What you need to do: Of all the lines below, output only those starting at the one with "Цвет #238310 в" and ending at the one with "4 sets de 40", both ends included, exactly as written.
━━ Data provided
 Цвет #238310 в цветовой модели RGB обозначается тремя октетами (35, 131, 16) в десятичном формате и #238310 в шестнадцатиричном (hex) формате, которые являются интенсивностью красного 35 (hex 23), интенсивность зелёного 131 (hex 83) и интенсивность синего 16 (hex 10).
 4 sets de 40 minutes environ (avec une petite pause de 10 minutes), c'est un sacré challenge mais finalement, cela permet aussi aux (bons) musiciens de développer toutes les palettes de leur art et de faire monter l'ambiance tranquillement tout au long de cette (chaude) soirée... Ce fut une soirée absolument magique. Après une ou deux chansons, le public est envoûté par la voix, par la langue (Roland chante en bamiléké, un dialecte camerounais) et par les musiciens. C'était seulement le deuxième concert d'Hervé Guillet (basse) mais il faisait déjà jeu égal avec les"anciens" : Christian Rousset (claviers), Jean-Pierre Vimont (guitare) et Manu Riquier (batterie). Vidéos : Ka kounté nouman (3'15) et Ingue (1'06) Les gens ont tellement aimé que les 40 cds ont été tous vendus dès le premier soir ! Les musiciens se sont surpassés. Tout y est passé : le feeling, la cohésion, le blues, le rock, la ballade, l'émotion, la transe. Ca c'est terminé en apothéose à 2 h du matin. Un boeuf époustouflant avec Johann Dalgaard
━━━━
━━ Data provided
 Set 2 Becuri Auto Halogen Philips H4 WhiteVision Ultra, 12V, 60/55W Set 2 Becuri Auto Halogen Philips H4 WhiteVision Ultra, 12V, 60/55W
━━━━
━━ Data provided
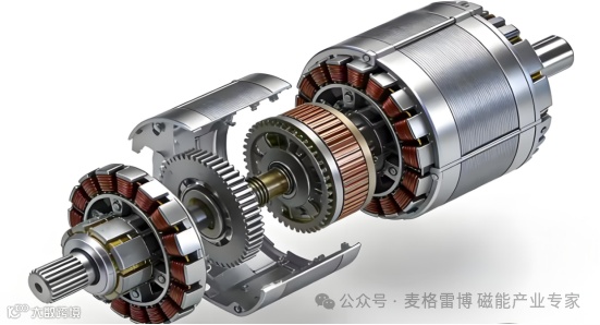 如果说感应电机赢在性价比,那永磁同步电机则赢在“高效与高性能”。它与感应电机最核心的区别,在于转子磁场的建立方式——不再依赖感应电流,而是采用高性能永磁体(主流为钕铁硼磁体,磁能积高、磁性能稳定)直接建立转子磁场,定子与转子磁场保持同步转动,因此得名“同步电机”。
━━━━
Written answer:
 Цвет #238310 в цветовой модели RGB обозначается тремя октетами (35, 131, 16) в десятичном формате и #238310 в шестнадцатиричном (hex) формате, которые являются интенсивностью красного 35 (hex 23), интенсивность зелёного 131 (hex 83) и интенсивность синего 16 (hex 10).
 4 sets de 40 minutes environ (avec une petite pause de 10 minutes), c'est un sacré challenge mais finalement, cela permet aussi aux (bons) musiciens de développer toutes les palettes de leur art et de faire monter l'ambiance tranquillement tout au long de cette (chaude) soirée... Ce fut une soirée absolument magique. Après une ou deux chansons, le public est envoûté par la voix, par la langue (Roland chante en bamiléké, un dialecte camerounais) et par les musiciens. C'était seulement le deuxième concert d'Hervé Guillet (basse) mais il faisait déjà jeu égal avec les"anciens" : Christian Rousset (claviers), Jean-Pierre Vimont (guitare) et Manu Riquier (batterie). Vidéos : Ka kounté nouman (3'15) et Ingue (1'06) Les gens ont tellement aimé que les 40 cds ont été tous vendus dès le premier soir ! Les musiciens se sont surpassés. Tout y est passé : le feeling, la cohésion, le blues, le rock, la ballade, l'émotion, la transe. Ca c'est terminé en apothéose à 2 h du matin. Un boeuf époustouflant avec Johann Dalgaard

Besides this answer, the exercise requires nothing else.